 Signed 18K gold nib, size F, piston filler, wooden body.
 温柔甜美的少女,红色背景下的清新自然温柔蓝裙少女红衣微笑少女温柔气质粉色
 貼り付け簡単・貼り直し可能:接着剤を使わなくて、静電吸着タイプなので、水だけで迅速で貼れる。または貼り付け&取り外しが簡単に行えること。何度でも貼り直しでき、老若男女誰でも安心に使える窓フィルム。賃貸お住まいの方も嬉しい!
--
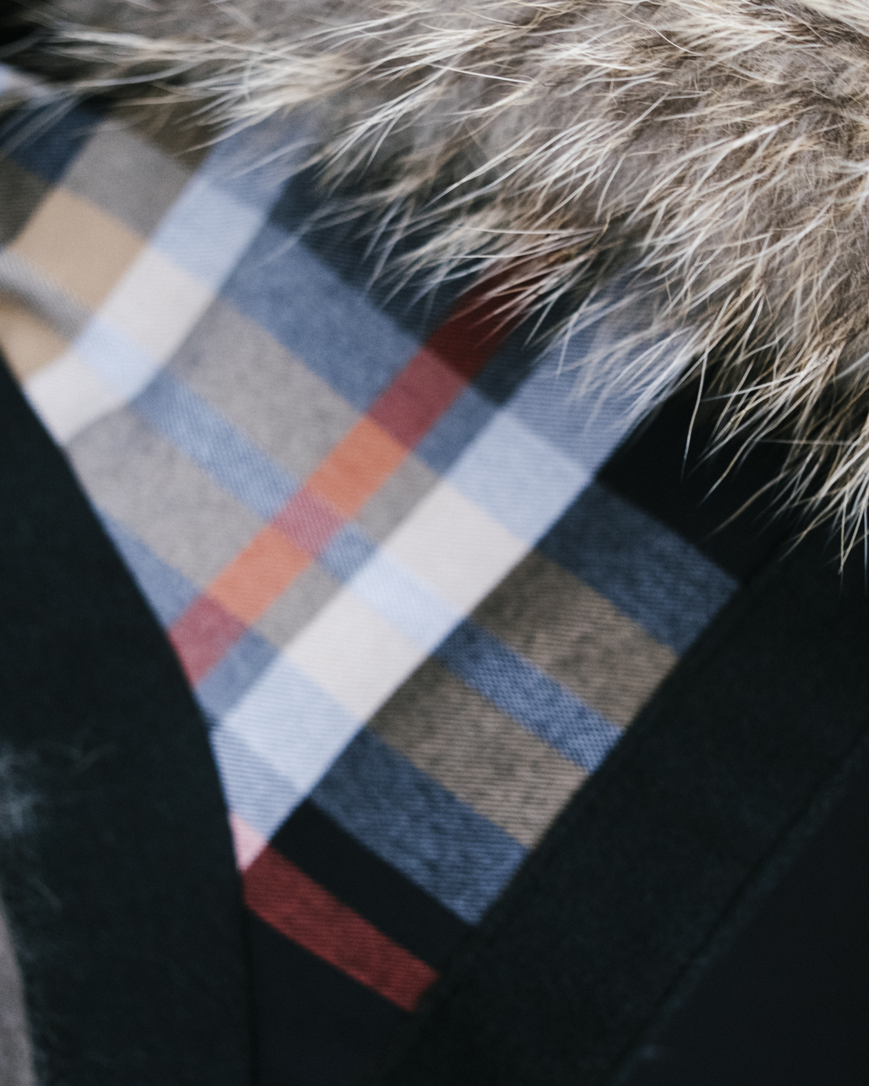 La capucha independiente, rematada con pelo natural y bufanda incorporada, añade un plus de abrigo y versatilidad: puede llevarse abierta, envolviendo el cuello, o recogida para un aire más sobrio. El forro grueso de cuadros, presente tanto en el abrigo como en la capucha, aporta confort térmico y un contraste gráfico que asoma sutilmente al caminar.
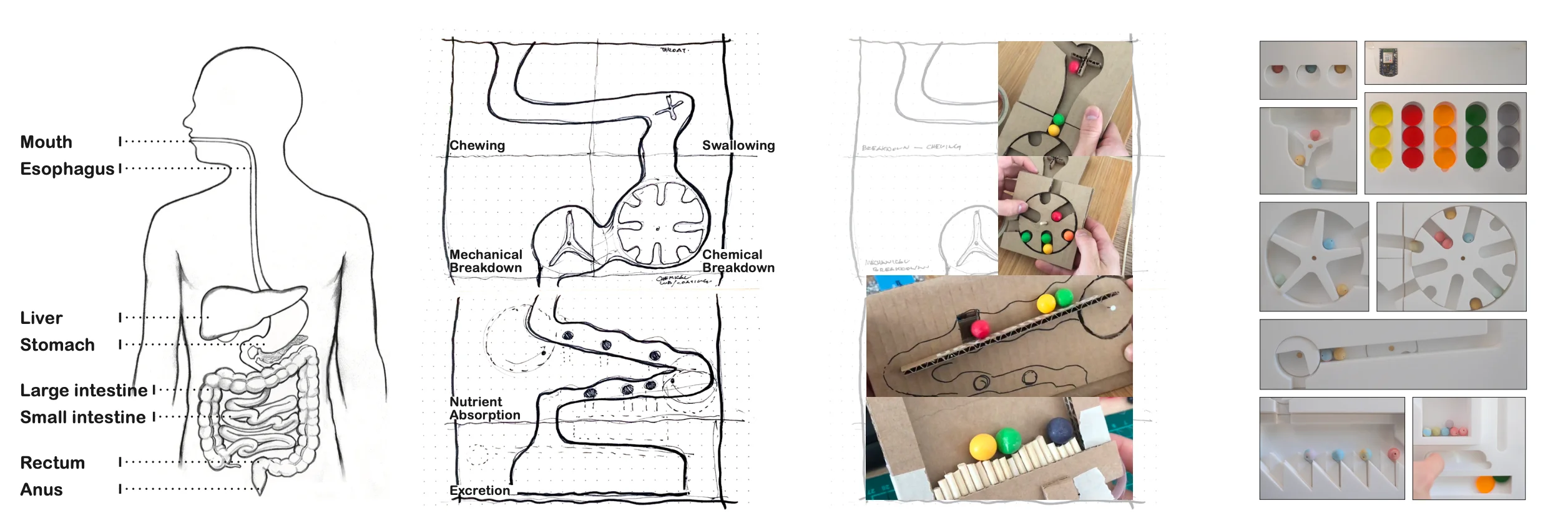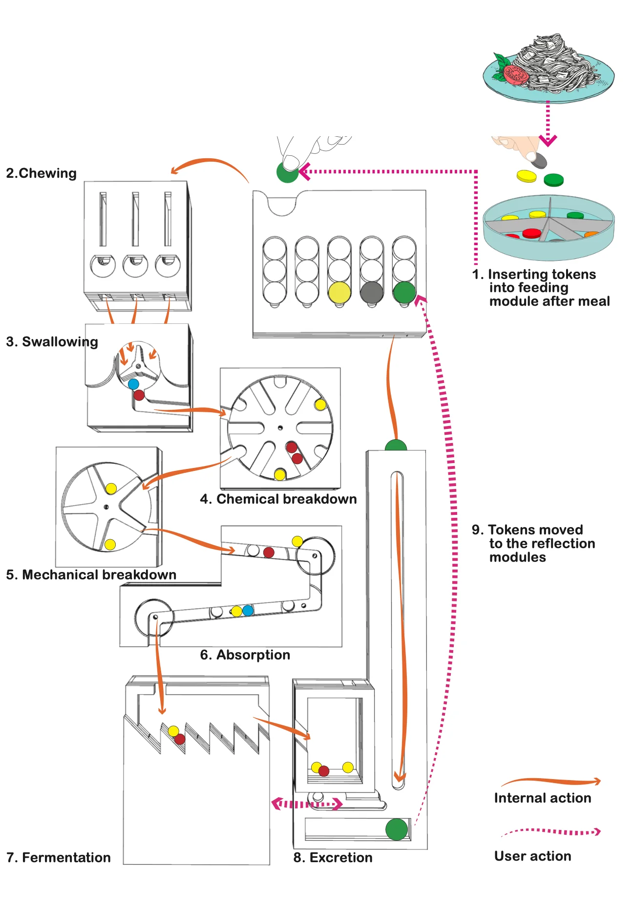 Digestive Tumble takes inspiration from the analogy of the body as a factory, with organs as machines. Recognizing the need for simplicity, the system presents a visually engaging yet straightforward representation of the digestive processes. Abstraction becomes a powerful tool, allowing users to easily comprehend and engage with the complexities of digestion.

# What is expected:
Considering only the material above, set down every line from the one with "温柔甜美的少女,红色背景下的清新自然温柔蓝裙少女红衣微笑少女温柔气质粉色" to the one with "貼り付け簡単・貼り直し可能:接着剤を使わ", inclusive, exactly as written.

# Answer box:
 温柔甜美的少女,红色背景下的清新自然温柔蓝裙少女红衣微笑少女温柔气质粉色
 貼り付け簡単・貼り直し可能:接着剤を使わなくて、静電吸着タイプなので、水だけで迅速で貼れる。または貼り付け&取り外しが簡単に行えること。何度でも貼り直しでき、老若男女誰でも安心に使える窓フィルム。賃貸お住まいの方も嬉しい!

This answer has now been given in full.